By Michael Keane - posted Tuesday, 13 September 2011


The current establishment dismisses the relevance of any such psychological phenomena with accusations that the victims are merely seeking "revenge" or "retribution." Call it what you like, but these phenomena are real and cause great suffering. Indeed the more egregious followers of the current politically-correct cult make victims feel guilty for having such "primitive" responses.

Recent peer reviewed work has highlighted the need to conceptualise injustice in terms of the physical damage that it causes to the brain. Regardless of the suffering that the initial crime causes, inadequate punishment of the criminal causes a secondary brain injury to the victim.

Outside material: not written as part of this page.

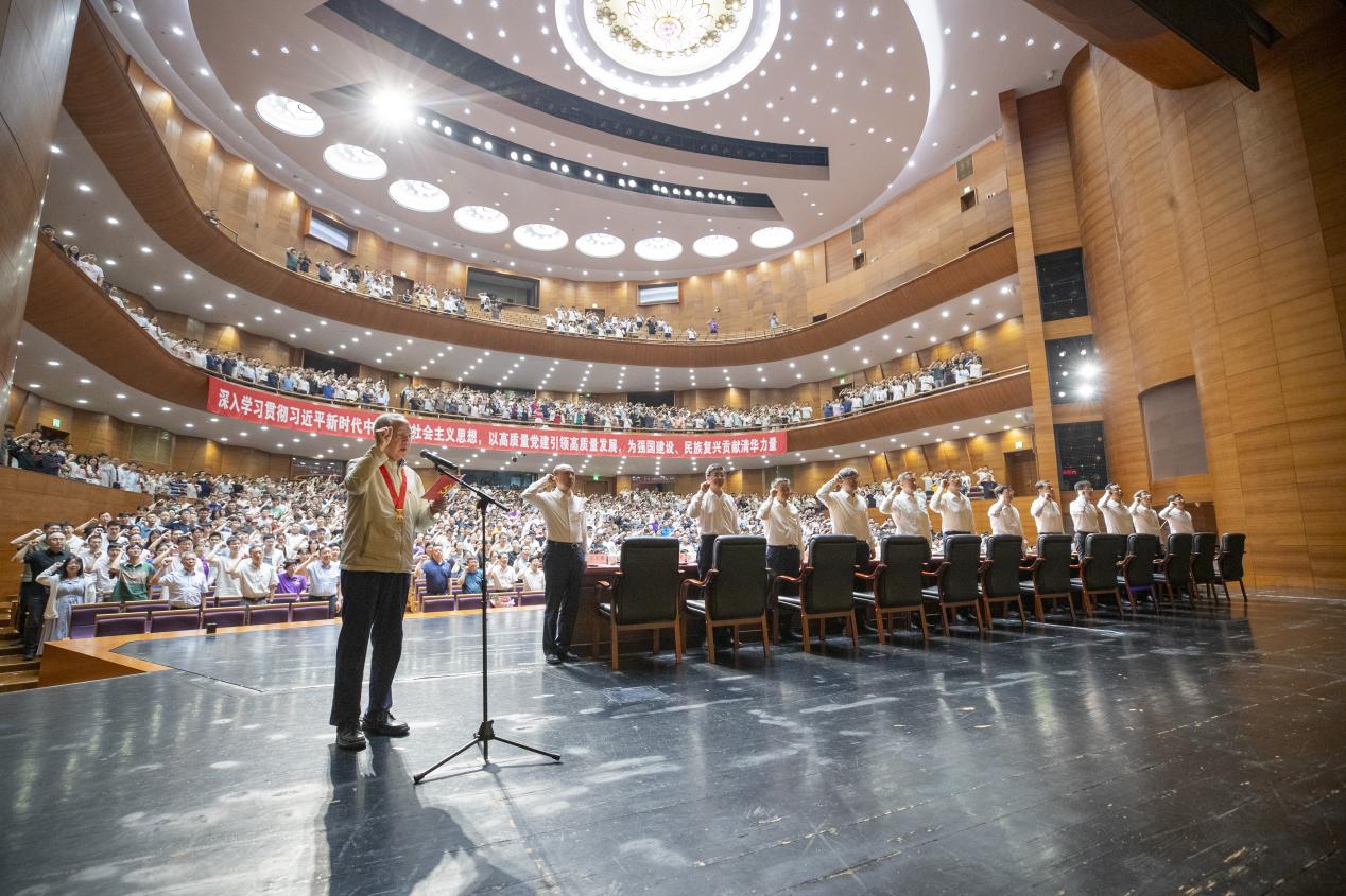 华体会娱乐(中国)网7月2日电(记者 曲田 徐子越 摄影 李派 杨艳宾)6月30日下午,华体会娱乐平台举行庆祝中国共产党成立103周年暨新党员宣誓大会。校党委书记邱勇在大会上发表题为“坚持严的标准、锤炼实的作风、维护铁的纪律 以高质量党建引领学校高质量发展”的讲话,校党委副书记、校长李路明主持会议。校领导向波涛、杨斌、过勇、郑力、赵罡、彭刚、曾嵘、姜培学、许庆红、王宏伟等出席会议。

We accept that a blow to the head may cause a brain injury. A mild injury might, for example, cause some weakness of the leg and some minor problems with remembering names. Would you rather have those symptoms or a lifetime of miserable intrusive thoughts, despair, lack of sleep and total loss of ability to function. Both are representative of brain injury. That is simply the reality of the science. To argue otherwise would be to repudiate the accumulated knowledge of neuroscience. Whether or not to inflict such a brain injury on a victim by handing down an inappropriately light sentence is, however, a matter of opinion. We therefore have to put in perspective the reality of sentences that don't punish the criminal. When a judge who is intoxicated with this trendy political-correctness gives a criminal a free pass with an inadequate sentence, they are doing the equivalent of getting off their bench, walking up to the victim and hitting them over the head with a baseball bat...whack... take that! Adequate justice CAN restore some of the damage that the original crime has caused. We have to repudiate the tired old cliché that the crime can't be undone so punishing the criminal won't help.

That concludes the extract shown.